Egregio sindaco Paroli, noi siamo una famiglia molto credente e abbiamo pregato tanto per nostro figlio quando era in coma profondo. Abbiamo continuato a pregare anche durante tutto il periodo delle lunghe e dolorose terapie di riabilitazione, con la speranza che Paolo ritrovasse l'equilibrio necessario a vivere una vita quantomeno dignitosa e un po' di felicità.
Non tutte le nostre preghiere sono state esaudite. Ciò nonostante, continuiamo a pregare.
Egregio primo cittadino, come avrà certamente intuito, la nostra lettera è aperta ma non casuale. Infatti, ci siamo decisi a disturbarla solamente dopo averla vista sui giornali e in tv per la vicenda di Marco Zambelli (noi non vogliamo entrare in questo argomento e nemmeno dare dei giudizi affrettati, sebbene conosciamo molto bene i tifosi del Brescia e sappiamo altrettanto bene quanto hanno fatto per Paolo e per la loro squadra).
Il gesto che lei ha fatto per il giocatore del Brescia è sicuramente sincero e meritevole. Ma ci perdoni se abbiamo pensato anche un solo istante che nessun rappresentante delle istituzioni bresciane, a parte il Prefetto, al quale va la nostra immensa gratitudine, avesse mai fatto altrettanto nei confronti di Paolo in tutti questi anni.

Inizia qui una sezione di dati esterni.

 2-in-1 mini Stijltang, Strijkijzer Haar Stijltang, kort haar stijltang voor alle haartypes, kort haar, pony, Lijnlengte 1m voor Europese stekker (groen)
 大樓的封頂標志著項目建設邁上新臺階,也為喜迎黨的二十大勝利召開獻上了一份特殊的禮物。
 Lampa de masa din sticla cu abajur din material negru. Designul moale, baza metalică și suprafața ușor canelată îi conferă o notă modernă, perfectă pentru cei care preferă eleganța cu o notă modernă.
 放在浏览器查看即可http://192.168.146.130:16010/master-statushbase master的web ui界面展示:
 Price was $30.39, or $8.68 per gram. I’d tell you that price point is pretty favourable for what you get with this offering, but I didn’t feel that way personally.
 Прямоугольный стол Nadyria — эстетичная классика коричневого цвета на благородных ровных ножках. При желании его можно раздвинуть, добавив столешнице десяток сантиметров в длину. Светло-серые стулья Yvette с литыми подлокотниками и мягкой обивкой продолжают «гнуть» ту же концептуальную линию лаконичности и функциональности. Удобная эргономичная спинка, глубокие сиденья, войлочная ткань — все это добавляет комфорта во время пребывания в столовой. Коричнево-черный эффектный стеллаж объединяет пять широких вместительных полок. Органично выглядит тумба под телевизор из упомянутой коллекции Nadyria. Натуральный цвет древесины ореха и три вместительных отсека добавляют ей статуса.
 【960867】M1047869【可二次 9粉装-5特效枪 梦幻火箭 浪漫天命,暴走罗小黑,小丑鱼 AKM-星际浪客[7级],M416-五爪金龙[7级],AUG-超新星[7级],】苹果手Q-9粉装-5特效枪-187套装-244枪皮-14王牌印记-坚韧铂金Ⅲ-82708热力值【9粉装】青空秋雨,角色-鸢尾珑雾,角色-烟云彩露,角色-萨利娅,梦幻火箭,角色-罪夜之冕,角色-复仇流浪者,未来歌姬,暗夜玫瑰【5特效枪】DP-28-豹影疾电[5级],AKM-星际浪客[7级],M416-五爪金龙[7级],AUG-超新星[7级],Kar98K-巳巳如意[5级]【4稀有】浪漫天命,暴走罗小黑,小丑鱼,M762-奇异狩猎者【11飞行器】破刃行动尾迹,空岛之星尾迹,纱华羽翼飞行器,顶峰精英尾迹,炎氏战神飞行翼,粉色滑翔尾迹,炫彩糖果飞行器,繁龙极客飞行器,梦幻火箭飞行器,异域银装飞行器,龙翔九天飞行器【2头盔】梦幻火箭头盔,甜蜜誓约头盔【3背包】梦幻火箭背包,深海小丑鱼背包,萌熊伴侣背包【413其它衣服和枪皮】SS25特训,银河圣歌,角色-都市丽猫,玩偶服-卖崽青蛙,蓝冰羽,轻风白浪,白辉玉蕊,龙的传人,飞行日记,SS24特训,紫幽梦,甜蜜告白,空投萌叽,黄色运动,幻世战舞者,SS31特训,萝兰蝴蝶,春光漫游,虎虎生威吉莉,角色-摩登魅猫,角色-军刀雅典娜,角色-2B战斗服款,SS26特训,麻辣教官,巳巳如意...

Eppure nostro figlio ha subito qualcosa di inimmaginabile per un genitore e per una persona di fede, rischiando la vita suo malgrado per una passione incrollabile.
Oltretutto Paolo, che è prima di tutto un cittadino bresciano, è diventato davvero un esempio concreto per molti ragazzi non solo di Brescia.
Allora ci domandiamo: perché è stato ignorato fino ad oggi? Perché nessuno si fa carico di questa vicenda portandola agli onori della cronaca? Perché nessuno ha il coraggio di portagli la propria solidarietà pubblicamente e spontaneamente? Perché quando parliamo della sua vicenda molti s'imbarazzano e faticano a riconoscere le sue evidenti ragioni?
Egregio sindaco Paroli, pur non avendo mai avuto in passato un'alta opinione degli ultras, oggi dobbiamo ricrederci e siamo sicuri di una cosa: se davvero fossero stati gli ultras a ridurre Paolo in quello stato come inizialmente aveva denunciato il Questore di Verona, i colpevoli sarebbero già stati individuati, fermati e soprattutto processati; allo stesso tempo molti si sarebbero espressi pubblicamente e a più riprese, senza alcun timore.
Egregio sindaco, forse ai suoi occhi sembreremo presuntuosi e forse sfacciati, ma crediamo che nostro figlio meriti le stesse attenzioni e gli stessi onori di un comunissimo giocatore di calcio. Saremo pure degli illusi, ma crediamo ancora che qualcuno un giorno si faccia davvero carico della situazione di Paolo, spingendo affinché si giunga presto alla verità. La speranza è che questa persona sia un rappresentante bresciano.
Lei ha dato la sua solidarietà pubblicamente al signor Zambelli per il recente episodio di Reggio Calabria. Perché non ha mai dato la sua solidarietà a Paolo che è stato ridotto in fin di vita da alcuni poliziotti? Eppure Paolo le ha anche scritto un paio di mesi fa (non ha mai ricevuto alcuna risposta). Allora ci viene spontaneo rivolgerle una domanda: ma lei, onorevole Paroli, ritiene che nostro figlio sia un bresciano di serie B?
In ogni caso le auguriamo un buona giornata e ne approfittiamo per farLe gli auguri di buone feste.